Is Herman Cain’s Pizza Any Good? Ctd

A reader writes:

Besides HomegfAmericans. Besides the obvious name, look at the website. It's a bunch of goony guys in pinstripe suits, and the "order online" link features a computer button that says "Do It!", which I'm sure is meant to evoke an intimidating grunt from a mafia thug.  I'm not Italian, and I don't normally get all bent out of shape every time a stereotype appears in the media.  I'm as big a South Park fan as you are.  But this marketing gimmick is especially, er, cheesy, and it looks like a relic of how Americans (especially those outside cities with large immigrant populations) viewed Italians 40 years ago, when "The Godfather" first came out, as opposed to the way most people view them today: as American as anybody else ("Jersey Shore" notwithstanding).

Another notes:

As Politico’s site acknowledges, the closest Godfather's location is two hours away, so the pizza they tried certainly couldn’t have been fresh. Hard to see how the comparison in that taste test was fair.

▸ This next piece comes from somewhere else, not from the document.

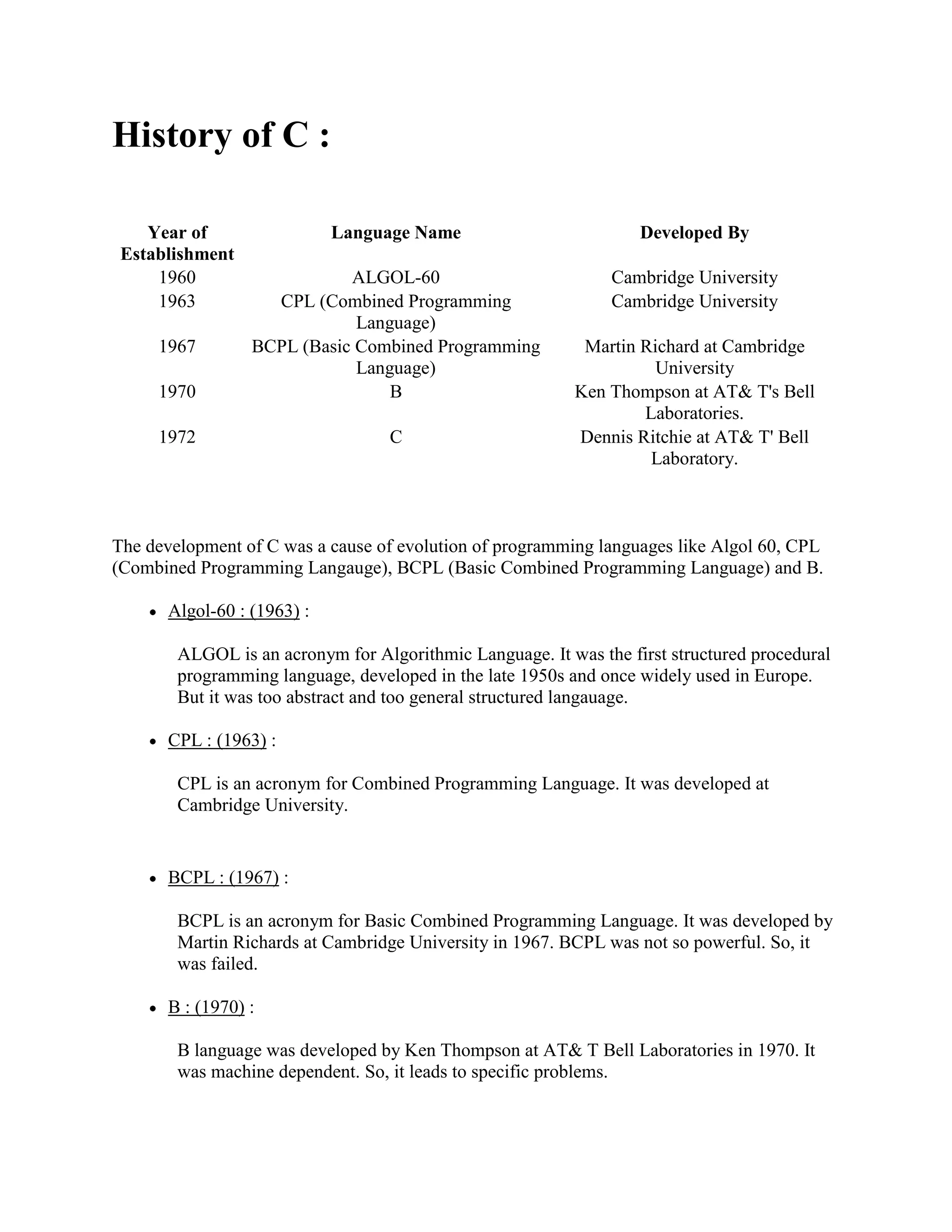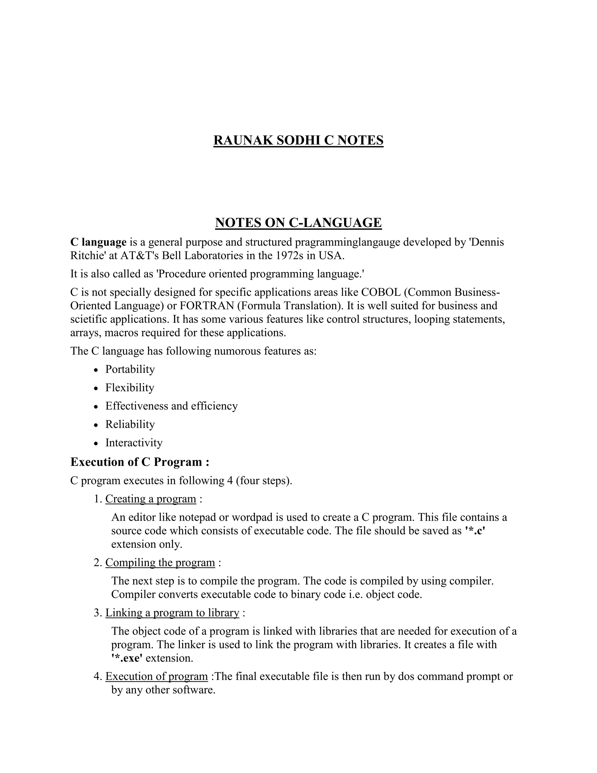 C is a general purpose programming language developed in the 1970s. It has features like control structures, looping statements, and arrays that make it well-suited for business and scientific applications. A C program executes in four steps - creating the program, compiling it, linking it to libraries, and executing the final executable file. C has keywords, variables, data types, operators, and conditional statements that allow for structured programming and control flow.

Another also defends the pizza chain:

I must disagree with Politico's assessment. Godfather's cinnamon struesel dessert pizza is meth without the possibility of explosions (but still bad teeth). Moreover, this snark on Cain's pizza chain plays into the snooty liberal opposition. Liberals who whine about his pizza tasting bad come off like they want broccoli and brussel sprouts on their sauceless, seven-grain crust gourmet nonsense. Godfather's is cheap, goes good with beer or soda (an underrated feature of pizza), and boasts a killer buffet.

Another reminiscences:

It was the pizza of my childhood. I remember Christmas commercials with a mafioso dressed as Santa, singing a version of "Deck the halls" that included the line "18 inches wide, A POUND OF CHEESE". It's the pizza we ordered first thing when my older brother came home from college. It was my first cold pizza. And as a cold pizza, it was glorious. It was a thick-crust pizza with a dark, sweet sauce and tons of cheese. I'd keep my fingers crossed that we'd order too much so there'd be some in the fridge the next morning. The cheese would solidify into a kind of brick, encasing the sweetness inside. The pepperoni was just think enough that it would crinkle and brown around the edges.

So you East Coasters can slander our modest Midwestern pizza if it makes you feel better. You won't have old Herman Cain and his stink-pizza to kick around much longer.